Despite the recent trade for Anthony DeAngelo, New York still needs help on defense. Brendan Smith is still in play for New York, and they can still sign both. He checks every box on both sides. Even if the Rangers may look to get younger and cheaper after shedding Stepan’s contract, Shattenkirk can still make them competitive and fill multiple needs.

Dark Horses

Tampa Bay Lightning – Tampa’s interest in Kevin Shattenkirk is one of the worst-kept secrets in the NHL. In January, the Lightning tried to trade for the blue liner from St. Louis. It did not come to fruition. Now, the Tampa Bay Times reported GM Steve Yzerman is kicking the tires on Shattenkirk.

Even after snagging Montreal’s pristine defensive prospect, Mikhail Sergachev, Tampa is looking for top-four defensive help. Shattenkirk joining Hedman gives the Lightning one of the best combos in the league. His offense and his right-handed stick, according to Times’ writer Joe Smith, is a fit for Tampa Bay.

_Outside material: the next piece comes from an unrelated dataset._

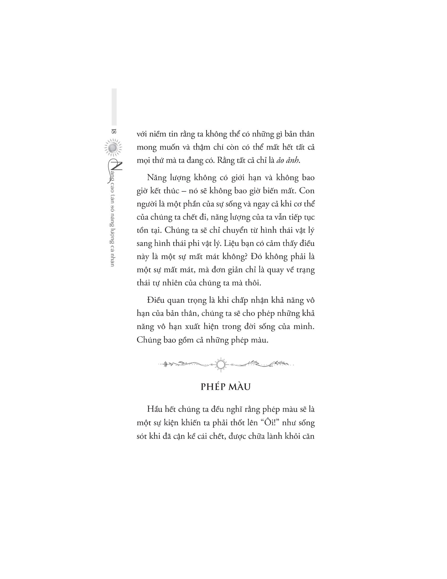 Nâng cao tần số năng lượng cá nhân là một cuốn sách không thể thiếu trên hành trình nâng cao tần số năng lượng này. Bằng các phương pháp như thiền, sử dụng chú ngữ, sống với mục đích và thái độ đúng đắn,... chúng ta sẽ nâng cao được tần số của bản thân. Cuốn sách mang tới 77 bài tập thực hành chi tiết, vô cùng dễ hiểu, dễ thực hành để bất kỳ ai cũng có thể đạt được mục tiêu này.

Ultimately, Shattenkirk’s willingness to come to Tampa Bay is the biggest obstacle. He rejected a seven-year, $42 million extension and a deal to head to the Sunshine State. Does he want to be there? Are the Lightning built to succeed in the next few years? With Shattenkirk, they can, but it’s hard to see unless they gain more pieces.

Kevin Shattenkirk free agency

Shattenkirk (left) could become teammates with Miles Wood next season. Photo courtesy of My NHL Trade Rumors/Photo by USATSI

New Jersey Devils – Any Rangers fan might have a tough time reading this, but it has some traction to it. Sportsnet’s Elliotte Friedman reported in March he wouldn’t be surprised if the Devils threw money at him.

New Jersey has $24 million free in cap space, so their offer could blow almost every other team out of the water. They have five total defensemen and a restricted free agent on their roster at the moment. Andy Greene and Damon Severson were their best defenders, and they were -16 and -31 for a weak team last season.

Basically, Kevin Shattenkirk becomes their best blue liner if he signs. New Jersey should make him their biggest priority. An offense with Taylor Hall, Kyle Palmieri and now Nico Hischier is impressive, while Cory Schneider is strong in net. However, he needs help badly in front of him. Shattenkirk helps them out, and they have room to look at other names such as Cody Franson or Karl Alzner.

Other Possible Destinations

Buffalo SabresTSN’s Darren Dreger reported last week of the Sabres’ interest. Like the Devils, they have a vast amount of cap space. They have a nice defensive core already in Rasmus Ristolainen and Zach Bogosian. Buffalo is very young, so Shattenkirk would have to be patient with them.

Montreal Canadiens – No surpise here, but Montreal needs to shore up their defense. They have space with $21 million, but there hasn’t been a lot of mutual interest. Plus, if they deal Alex Galchenyuk and lose Alexander Radulov, they may need to prioritize finding some forward help.